За дни скитаний после побега Николай уверил себя в том, что и дальше все будет именно так, как он задумал, – то есть, что он непременно побывает дома перед тем, как проберется в зону боевых действий и легализуется, выдав себя за рядового, отбившегося от своей части. Там, на фронте, Николай надеялся встретить второго усатого старшину, который поможет ему осуществить задуманное. Поэтому, увидев идущего навстречу милиционера, он не испытал ни страха, ни даже предчувствия опасности.

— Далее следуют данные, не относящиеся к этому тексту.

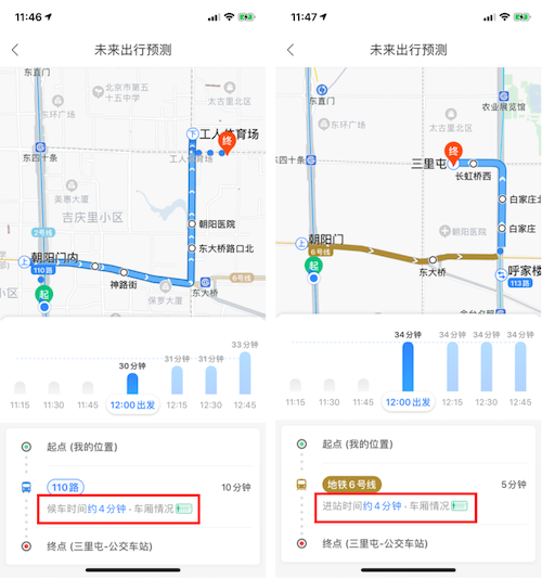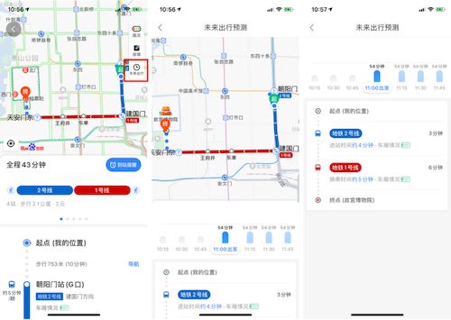 。ā拔磥沓鲂小惫δ芸深A(yù)估公交候車、地鐵進(jìn)站時(shí)間以及車廂內(nèi)擁擠情況)
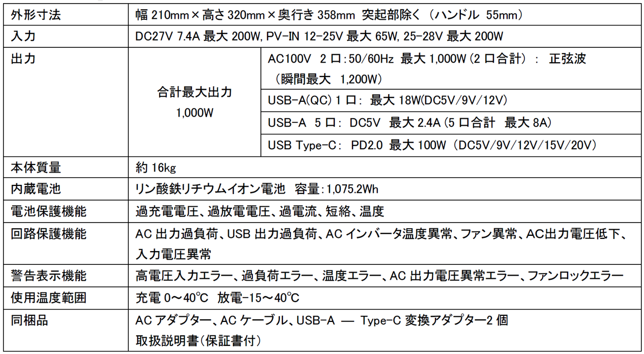 2.電池容量1,000Wh、最大出力1,000W(瞬間最大1,200W)
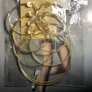 4 Pairs Set Of Hoop Earrings Iron 18K Gold Plated Jewelry Simple Classic Style
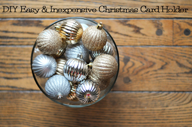 How to DIY: Easy & Expensive Christmas Card Holder from @HeathersDishFirst things first: it’s important to note that I don’t know how much the ornaments actually cost since I don’t remember getting them in the first place.  BUT we are already but a week away from Christmas, which means that you guys have probably already done your decorating thus far.  Wait for the shatter-resistant ornaments to go on 90% off sale in 9 days.  Promise.  It’s gonna be great!

– Документы! – потребовал милиционер, остановившись в трех шагах от него. Взгляд у него испытующе-подозрительный, непреклонный...
"Вот и повидался с Олей", – отрешенно подумал Николай. На такой вот случай он заранее, еще в лагере, продумал ответ, и тем не менее запнулся на первом же слове:
– А какие... яки документы могут быть у дезертира?

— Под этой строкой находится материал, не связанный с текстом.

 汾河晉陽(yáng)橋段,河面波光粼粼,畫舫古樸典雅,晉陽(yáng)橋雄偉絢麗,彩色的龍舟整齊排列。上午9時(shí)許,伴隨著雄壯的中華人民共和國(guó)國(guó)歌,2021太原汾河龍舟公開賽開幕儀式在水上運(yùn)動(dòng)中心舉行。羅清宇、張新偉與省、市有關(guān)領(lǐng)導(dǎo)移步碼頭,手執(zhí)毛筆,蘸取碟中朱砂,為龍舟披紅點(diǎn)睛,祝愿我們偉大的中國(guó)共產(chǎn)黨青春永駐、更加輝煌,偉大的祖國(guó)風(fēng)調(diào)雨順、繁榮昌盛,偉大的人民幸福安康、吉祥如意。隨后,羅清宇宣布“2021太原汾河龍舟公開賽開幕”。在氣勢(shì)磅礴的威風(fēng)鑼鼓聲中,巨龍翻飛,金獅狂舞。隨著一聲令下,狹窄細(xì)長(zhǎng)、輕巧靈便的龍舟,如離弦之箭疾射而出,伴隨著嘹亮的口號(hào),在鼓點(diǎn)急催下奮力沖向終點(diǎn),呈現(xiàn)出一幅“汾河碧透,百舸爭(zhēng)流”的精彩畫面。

– Дезерти-ир? – с придыхом переспросил милиционер, торопливо расстегивая старенькую кобуру. – Ну-ка, поворачивай кругом и – вперед!
– Зря наган-то выхватил, – заметил Николай, унимая внутреннюю дрожь. Убегать я не собираюсь, хватит, набегался...
– Не рассусоливай! – прикрикнул милиционер.
Протокол задержания он составлял в отслужившем свой век товарном вагоне, снятом с колес и приспособленном под сторожку. Долго и старательно оттачивал он складным ножичком химический карандаш, потом разгладил на хромоногом засаленном столике лист серой плотной бумаги и, глядя на Николая в упор, приступил к допросу:
– Фамилия, имя, отчество?
– Косаренко Иван Дмитриевич.
– Возраст и место рождения?
Николай сказал, что он родился в тысяча девятьсот шестнадцатом году, в селе Репьевка, под Воронежем.
– Местность оккупирована?
– Да.
Милиционер распрямился, перестав писать, и с такой ненавистью, с таким презрением посмотрел на Николая, что тот поневоле опустил глаза.
– Вот видишь, какой дикий абсурд налицо, – сказал он, плохо сдерживая ярость. – В его родном краю фашисты бесчинствуют, а он... – Не договорив, милиционер стиснул зубы так, что на скулах появились желваки. Потом, взяв себя в руки, продолжил: – Звание?
– Рядовой.
На вопрос о том, где и когда дезертировал, Николай ответил, что свой полк под Ленинградом он покинул еще в сентябре. И, прикидываясь этаким простачком, спросил сурового милиционера:
– Часом не бывали там?
– Вопросы задаю я! Твое дело отвечать на них четко и ясно. Понятно?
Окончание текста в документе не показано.